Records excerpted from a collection
******

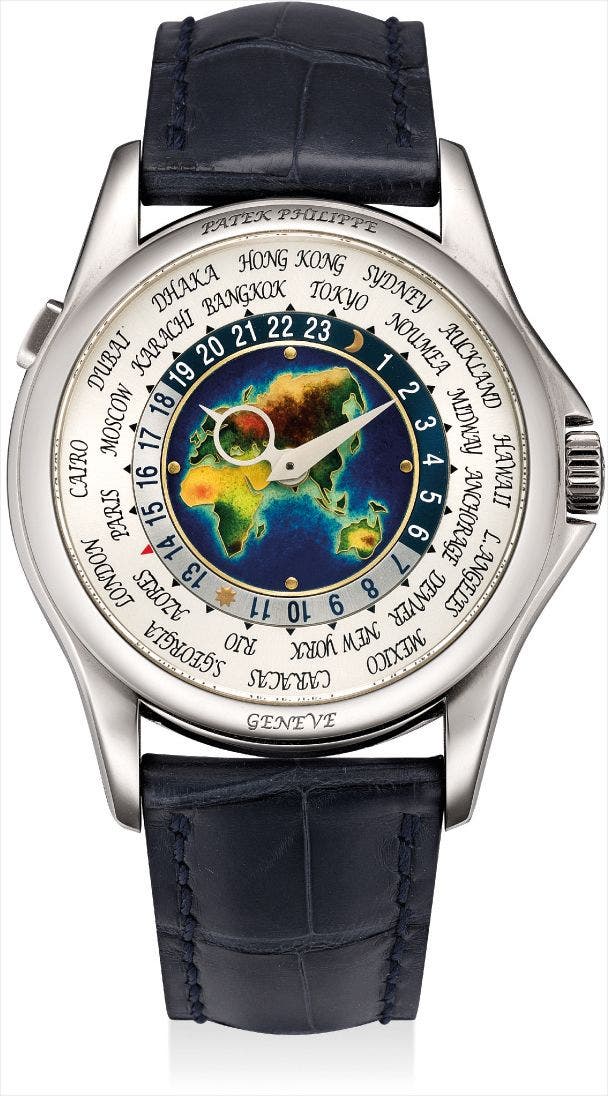 A very fine and rare white gold worldtime wristwatch with cloisonné enamel dial, original certificate and fitted presentation box
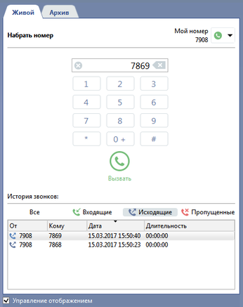 Если установлен флаг Управлять отображением, то при выборе звонка, в шаблоне будет отображаться видеоархив канала, ассоциированного с данным номером.
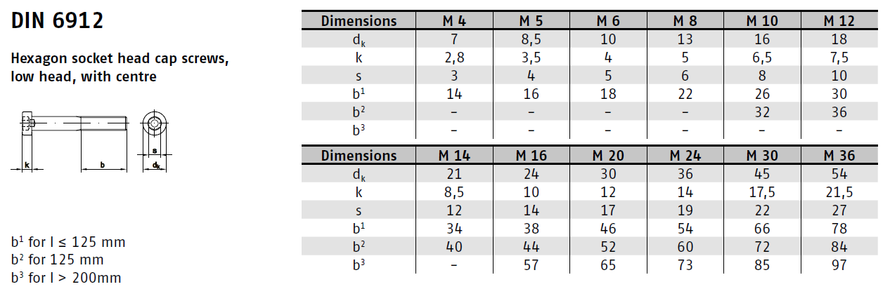 DIN 6912 je norma pro šrouby s válcovou hlavou a vnitřním šestihranem (Inbus). Tyto šrouby jsou specifické svou nízkou hlavou se středícím otvorem. Používají se v případech, kdy hlava šroubu nesmí příliš vyčnívat nad povrch spoje, například u krytů, panelů a dalších součástí, kde je omezený prostor.
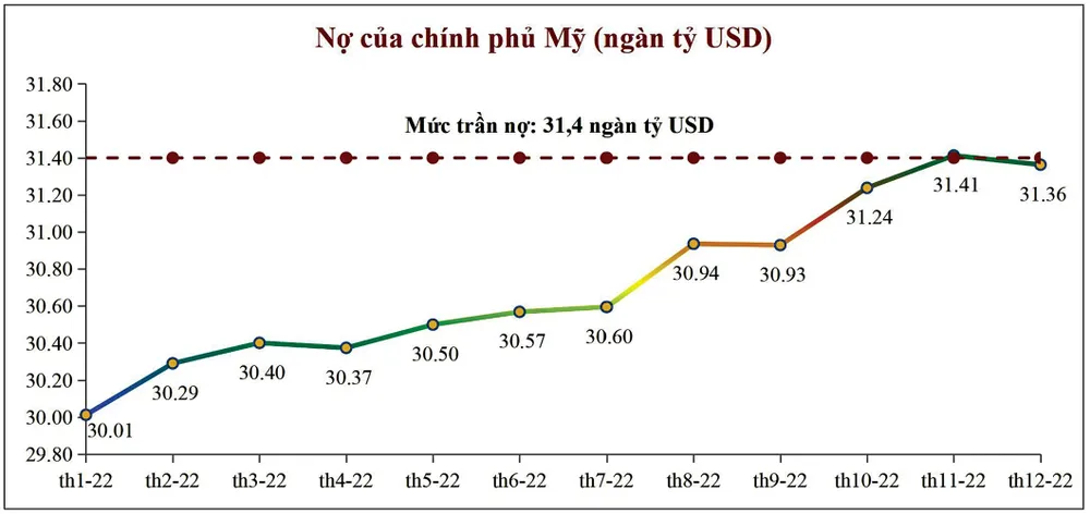 Một rủi ro chính trị quan trọng không thể bỏ qua, là vấn đề nợ công của Mỹ. Mức trần nợ công của quốc gia này hiện đang là 31.400 tỷ USD, trong khi việc nâng trần nợ công vẫn chưa được 2 đảng Dân chủ và Cộng hòa thông qua. Việc mâu thuẫn kế hoạch ngân sách giữa 2 đảng kéo dài từ cuối năm 2021 cho đến nay, đã dẫn tới mức trần nợ công không được nâng lên. Trong khi đó, nợ công của chính phủ Mỹ đã tăng liên tục kể từ đầu năm, và đã có thời điểm chạm mức trần vào cuối tháng 11. Thị trường lo ngại khi nợ công chạm trần, việc thanh toán các khoản nợ đến hạn của chính phủ Mỹ sẽ không được chi trả đúng hạn, có thể gây ra tình trạng căng thẳng thanh khoản đối với USD, làm cho giá USD quay trở lại đà tăng. Điều này rất rủi ro đối với giá hàng hóa nguyên liệu và làm gián đoạn tăng trưởng kinh tế thế giới.
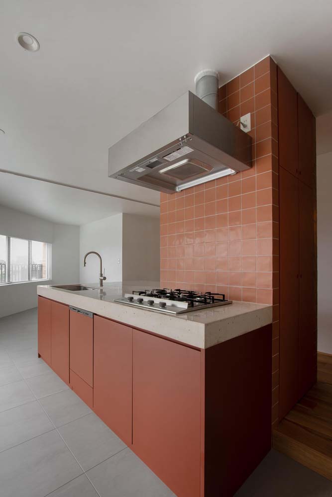テラコッタ色のキッチンが印象的な住まいです。こちらのマンションを購入に至った経緯もデザインに組み込んでいるのが良いですね。細部にまでこだわりが詰まったインテリアが、洗練されていて魅力的です。
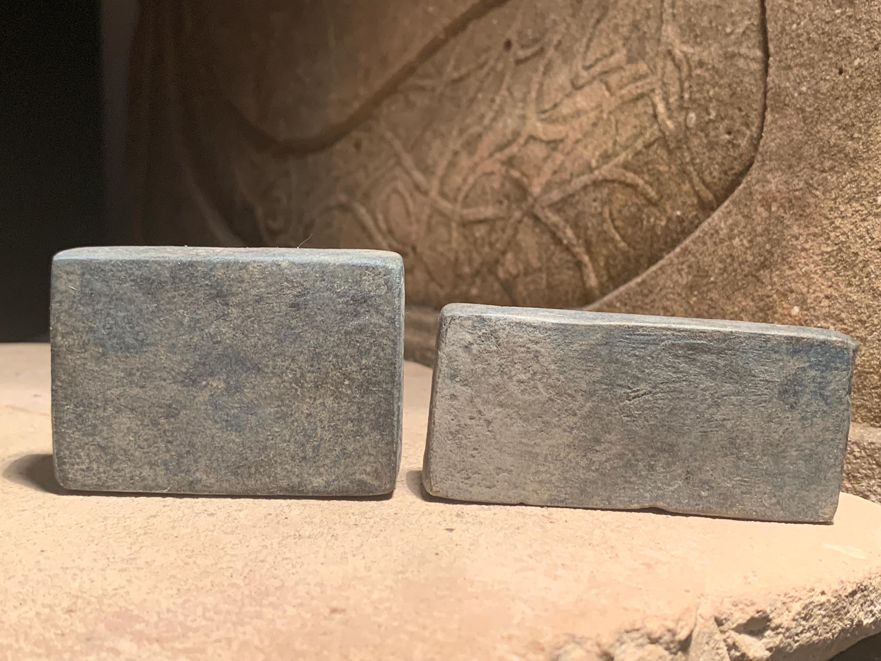 Made of a limestone and quartzite composition stone it has an aged patina.
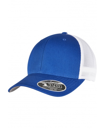 This trucker cap offers a time-proven, dual design: its front is made from cotton, the back from transparent, white polyester mesh. Thanks to the smart, integrated technology the cap guarantees optimal wearing comfort: next to the Flexfit ribbon a color-matched snapback closure stands ready for individual size adjustment. The trucker cap style is rounded off by a pre-bent visor with eight decorative seams.
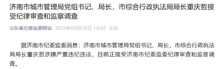 据济南市纪委监委消息:济南市城市管理局党组书记、局长,市综合行政执法局局长董庆哲涉嫌严重违纪违法,目前正接受济南市纪委监委纪律审查和监察调查。

******

* Task requirements: From the first line to the last, retype the data exactly, but omit every image.

* Solution to this task:
 A very fine and rare white gold worldtime wristwatch with cloisonné enamel dial, original certificate and fitted presentation box
 Если установлен флаг Управлять отображением, то при выборе звонка, в шаблоне будет отображаться видеоархив канала, ассоциированного с данным номером.
 DIN 6912 je norma pro šrouby s válcovou hlavou a vnitřním šestihranem (Inbus). Tyto šrouby jsou specifické svou nízkou hlavou se středícím otvorem. Používají se v případech, kdy hlava šroubu nesmí příliš vyčnívat nad povrch spoje, například u krytů, panelů a dalších součástí, kde je omezený prostor.
 Một rủi ro chính trị quan trọng không thể bỏ qua, là vấn đề nợ công của Mỹ. Mức trần nợ công của quốc gia này hiện đang là 31.400 tỷ USD, trong khi việc nâng trần nợ công vẫn chưa được 2 đảng Dân chủ và Cộng hòa thông qua. Việc mâu thuẫn kế hoạch ngân sách giữa 2 đảng kéo dài từ cuối năm 2021 cho đến nay, đã dẫn tới mức trần nợ công không được nâng lên. Trong khi đó, nợ công của chính phủ Mỹ đã tăng liên tục kể từ đầu năm, và đã có thời điểm chạm mức trần vào cuối tháng 11. Thị trường lo ngại khi nợ công chạm trần, việc thanh toán các khoản nợ đến hạn của chính phủ Mỹ sẽ không được chi trả đúng hạn, có thể gây ra tình trạng căng thẳng thanh khoản đối với USD, làm cho giá USD quay trở lại đà tăng. Điều này rất rủi ro đối với giá hàng hóa nguyên liệu và làm gián đoạn tăng trưởng kinh tế thế giới.
テラコッタ色のキッチンが印象的な住まいです。こちらのマンションを購入に至った経緯もデザインに組み込んでいるのが良いですね。細部にまでこだわりが詰まったインテリアが、洗練されていて魅力的です。
 Made of a limestone and quartzite composition stone it has an aged patina.
 This trucker cap offers a time-proven, dual design: its front is made from cotton, the back from transparent, white polyester mesh. Thanks to the smart, integrated technology the cap guarantees optimal wearing comfort: next to the Flexfit ribbon a color-matched snapback closure stands ready for individual size adjustment. The trucker cap style is rounded off by a pre-bent visor with eight decorative seams.
 据济南市纪委监委消息:济南市城市管理局党组书记、局长,市综合行政执法局局长董庆哲涉嫌严重违纪违法,目前正接受济南市纪委监委纪律审查和监察调查。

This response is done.